The dollar sank to new lows against the Japanese yen Monday before central bank intervention stabilized it slightly. The dollar then tumbled against the German mark following an overnight devaluation of the Spanish and Portuguese currencies.

The dollar has been falling on perceptions that the U.S. Federal Reserve is finished raising interest rates for the time being, while higher rates are seen coming soon to Germany to keep inflation at bay.Higher rates would draw more money to the strong mark, meaning investors would dump dollars and other currencies for now.

As a result, the battered Italian lira briefly touched a record low against the German mark before regaining some strength today. The lira touched an all-time low of 1,219 against the mark in early trading before rallying to 1,188 by late morning.

Gold prices were modestly lower in Europe.

The greenback's prospects had seemed shaky over the weekend, after rounds of central bank interventions failed to halt the decline.

By the time markets opened in Asia Monday, the dollar sank as low as 92.70 yen in Tokyo, the lowest it had been since modern exchange rates were established after World War II.

Traders said the Bank of Japan bought dollars to try to stem the U.S. currency's fall.
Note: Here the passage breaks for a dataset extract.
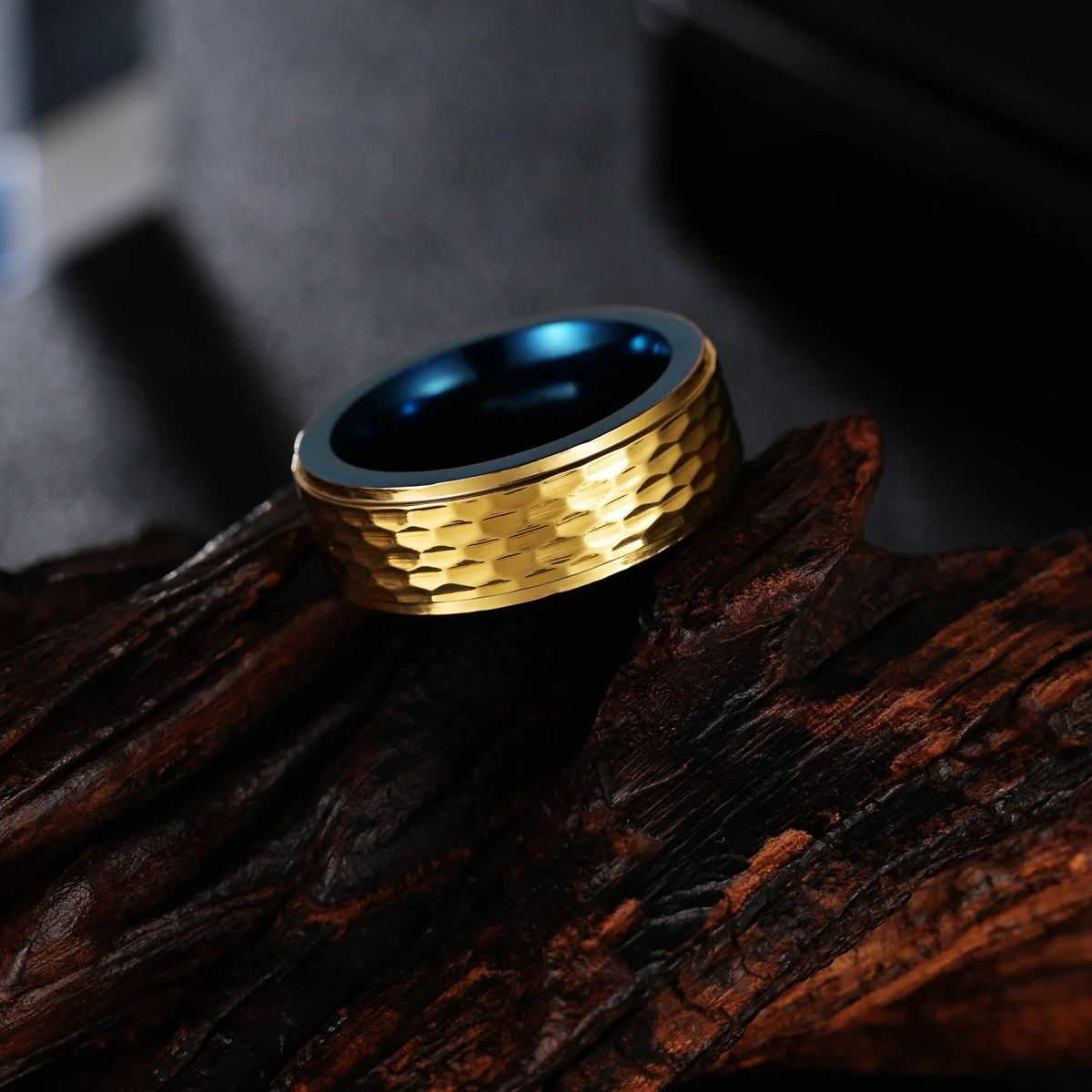 Обручальное кольцо с вольфрамовый Молот желтого золота для мужчин и женщин, многограненый Чеканный матовый материал, 8 мм

The dollar's plunge halted around midday after the bank's intervention persuaded speculators to move to the sidelines, traders said.

Early in Europe, the dollar had recovered slightly to above 93 yen, but it was lower across the board compared to other major currencies.
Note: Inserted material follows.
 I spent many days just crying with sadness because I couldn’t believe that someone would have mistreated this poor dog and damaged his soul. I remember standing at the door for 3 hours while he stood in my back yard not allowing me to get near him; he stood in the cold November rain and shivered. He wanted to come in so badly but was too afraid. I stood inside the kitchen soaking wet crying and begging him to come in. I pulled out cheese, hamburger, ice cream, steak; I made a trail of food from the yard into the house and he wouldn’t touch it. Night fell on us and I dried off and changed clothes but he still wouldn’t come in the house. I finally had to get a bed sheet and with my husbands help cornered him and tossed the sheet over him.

Dollar rates compared with late Friday:

-1.4013 German marks, down from 1.4355

-1.1765 Swiss francs, down from 1.2145

-4.9625 French francs, down from 5.0545

-1.5752 Dutch guilders, down from 1.6109

-1,651.30 Italian lire, down from 1,674.00

-93.11 Japanese yen, down from 94.35

-1.4117 Canadian dollars, up from 1.4013

The British pound was quoted at $1.6515, up from $1.6222 late Friday.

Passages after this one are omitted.